Lanning selalu menata rambut panjang Ning Xueyan. Lanning, yang pandai dan cekatan, bisa menyisir berbagai macam gaya sanggul rambut. Sekarang, roti paling populer di ibu kota adalah roti kuda-jatuh. Sanggul jenis ini sedikit bengkok, yang menunjukkan feminitas seorang wanita.
Para wanita bangsawan ibukota menyukai gaya ini karena beberapa rambut mereka akan terkulai ke samping, helaian yang menggantung yang sepertinya perlu disikat, dan gaya longgar yang umum. Jadi, sebagian besar gadis yang mencapai tahap jepit rambut akan memilih untuk memiliki gaya rambut ini. Selanjutnya, sembilan dari sepuluh wanita bangsawan melakukannya. Namun, dengan gaya rambut ini, dia harus lebih berhati-hati dalam bergerak. Kalau tidak, rambutnya akan acak-acakan.
“Tidak. Buat roti ganda dan buat sedikit lebih kencang. ” Ning Xueyan tersenyum sedikit. Di cermin, rambut hitam indah gadis itu, seperti air terjun hitam, terlepas dari kepalanya, yang sangat indah. Dalam kesehariannya, ia tampil cantik dengan sanggul Horse-falling karena kualitas rambut dan warna rambutnya. Tapi hari ini, itu tidak nyaman.
Ada roti di setiap sisinya. Meskipun kurang menawan, itu terbungkus rapat. Bahkan jika itu bergetar, itu tidak akan jatuh. Selain itu, Ning Xueyan belum mencapai usia jepit rambut, jadi itu tidak aneh.
“Mengerti. Aku akan segera menyisirnya untukmu.” Lanning mengangguk, dengan ekspresi ramah di wajahnya. Kemudian, dia menggunakan sisir untuk memisahkan rambutnya dan dengan terampil menyisirnya.
Qingyu datang dengan dua set pakaian. Salah satunya adalah satu-satunya yang elegan dan rapi di antara pakaian musim semi yang baru dibuat kemarin. Cuaca hari ini bagus, jadi dia tidak cocok memakai pakaian tebal.
“Nona Muda, haruskah aku pergi denganmu nanti?” Qingyu meletakkan pakaian di tangannya, menggigit bibirnya, dan berkata dengan gelisah.
Melalui cermin, Ning Xueyan bisa melihat cemberut Qingyu. Dia tidak bisa menahan tawa dan berkata, “Qingyu, aku akan mengunjungi pasien, jadi kita tidak perlu sombong. Sudah cukup Xinmei ikut denganku. Atau, Anda, sebagai pengganti Xinmei, bisa ikut dengan saya?”
“Nona Muda, mengapa kamu bercanda denganku sekarang?” Qingyu mendengar sarkasme dalam kata-kata Ning Xueyan. Dia menghentakkan kakinya dengan marah dan berkata, “Aku takut …”
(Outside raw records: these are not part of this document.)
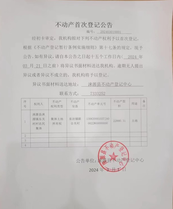 涞源县不动产登记中心不动产首次登记公告
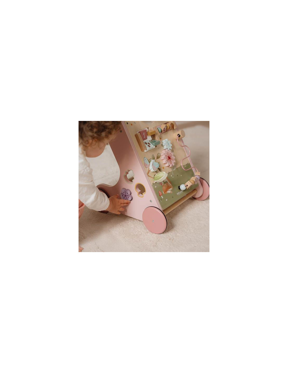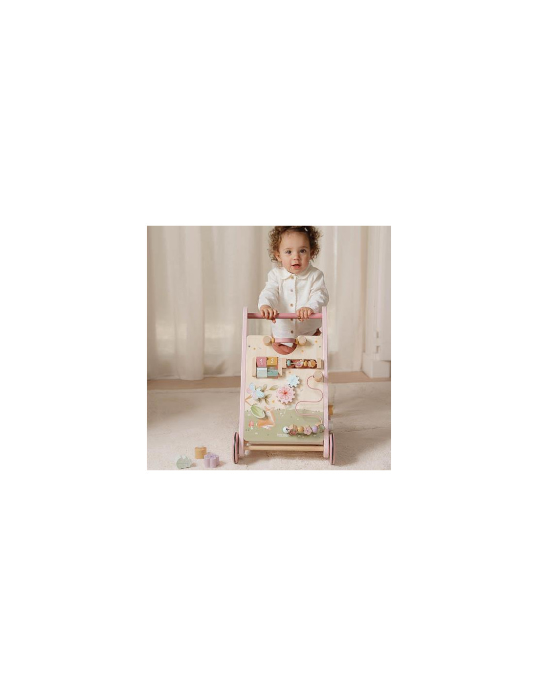 Questo girello in legno offre varie attività stimolanti che supportano lo sviluppo delle capacità motorie del tuo bambino.
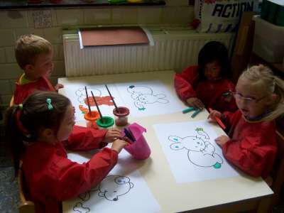 Samen gingen we op zoek en deden we er alles aan om hem te vinden. We maakten tekeningen voor Nellie én posters van Cezar, we zochten in elk hoekje van onze klas, we gingen ook in de andere klasjes kijken, in de tuin, ... en UITEINDELIJK vonden we hem terug! Hij was heel de tijd in het klasje bij Juf Greet geweest en miste Nellie ook verschrikkelijk! Onze 2 dikke vrienden waren zo blij dat ze elkaar gevonden hadden!! En wij ook!! :) Want ook wij vonden leuke nieuwe vriendjes van K2B! Samen met de kindjes van Juf Greet deden we dan ook nog een 'vriendendansje' in de speelzaal om te vieren dat Nellie én Cezar elkaar teruggevonden hadden.
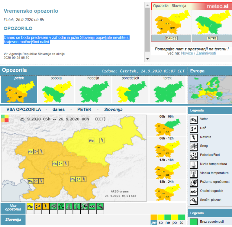 Agencija Republike Slovenije za okolje opozarja, da se bodo danes predvsem v zahodni in južni Sloveniji pojavljale nevihte s krajevno močnejšimi nalivi. V kratkem času bo padla velika količina padavin, zato so razglasili oranžni alarm.
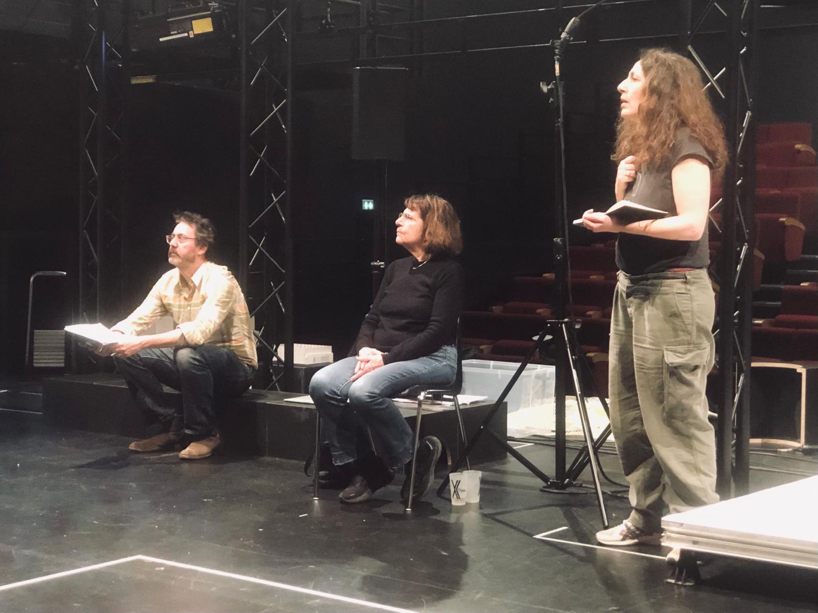 Des présentations publiques ont rendu compte du travail mené dans le cadre des semaines de recherche. Ces présentations comprenaient les esquisses scéniques des étudiant.e.s ainsi que l’évolution/développement de la pièce en cours d’écriture "Voyages avec K."
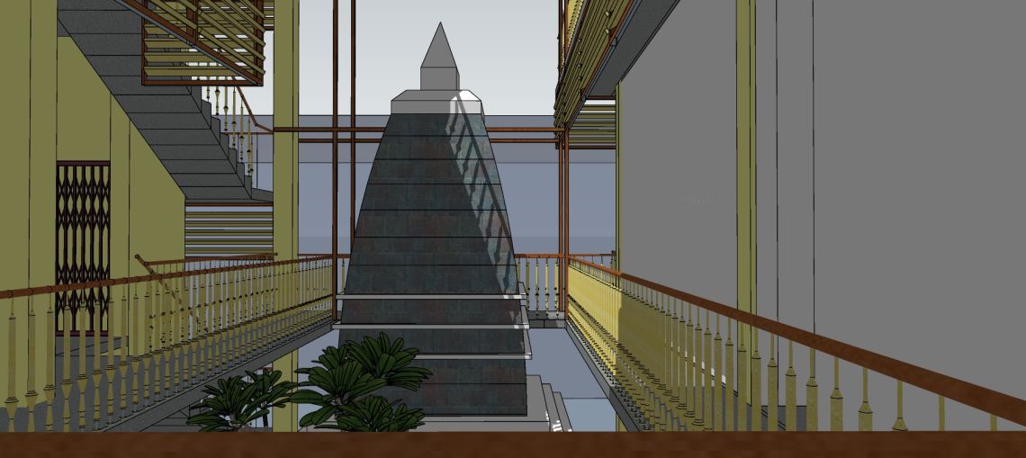 This is a challenging project with unusual space constraints and a high density of occupants. After weeks of drawing, modelling and back to more drawing, we managed to achieve a design that takes care of the spatial redistribution as well as quality. The key feature of the design is a courtyard encompassing a temple. This feature addresses the following requirements;
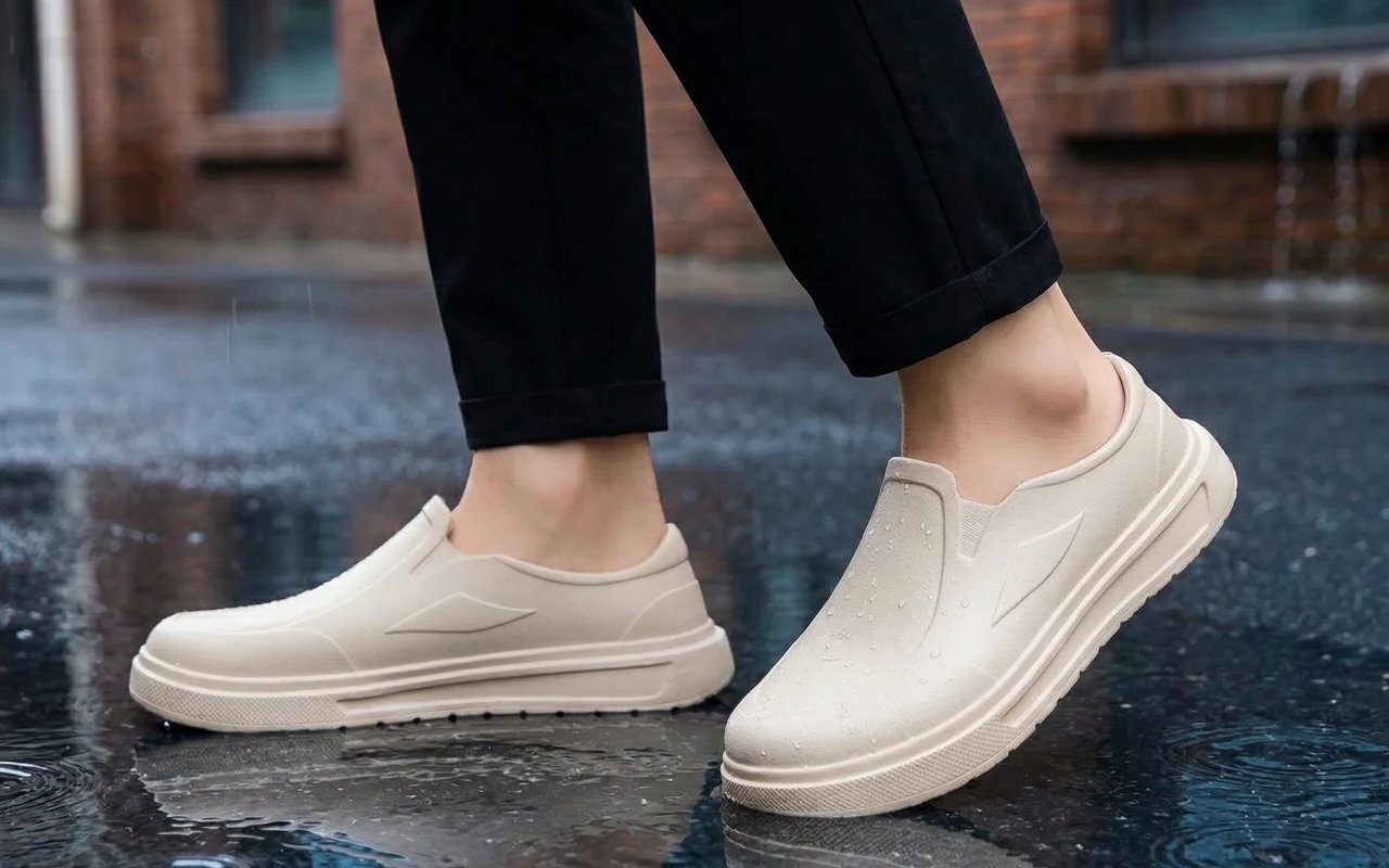 Comprei estes para os afazeres de fim de semana. Eu só calço e vou. Eles lidam bem com poças, estacionamentos molhados e até pisos escorregadios de supermercado sem preocupação.
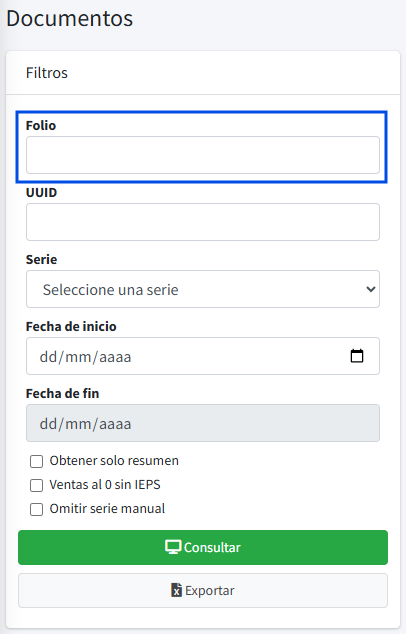 - No. Folio: campo para ingresar el número de folio de la factura a consultar
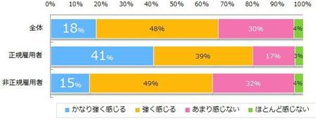 「仕事上のストレスをどの程度感じますか?」と質問したところ「かなり強く感じる」と回答した人は、全体では18%、雇用形態別では正規が41%、非正規が15%だった。「強く感じる」という数値も合わせると、全体では66%、正規は80%、非正規は64%の人が仕事でのストレスを感じていることがわかる。

“Tidak ada yang perlu dikhawatirkan. Santai saja. Saya tidak akan memamerkan keunggulan saya. ” Ning Xueyan tahu bahwa Qingyu mengkhawatirkannya, jadi dia tersenyum lembut. Dia melihat dua set pakaian yang dikenakan Qingyu di tempat tidur, dan sedikit rasa dingin melintas di matanya.
Di gerbang manor, Ning Xueyan dan Ning Yuling tiba hampir bersamaan. Pakaian Ning Yuling lebih sederhana dari biasanya. Dia melihat pakaian Ning Xueyan terlebih dahulu. Dia tersenyum cemburu ketika dia melihat warna dan pola yang familiar.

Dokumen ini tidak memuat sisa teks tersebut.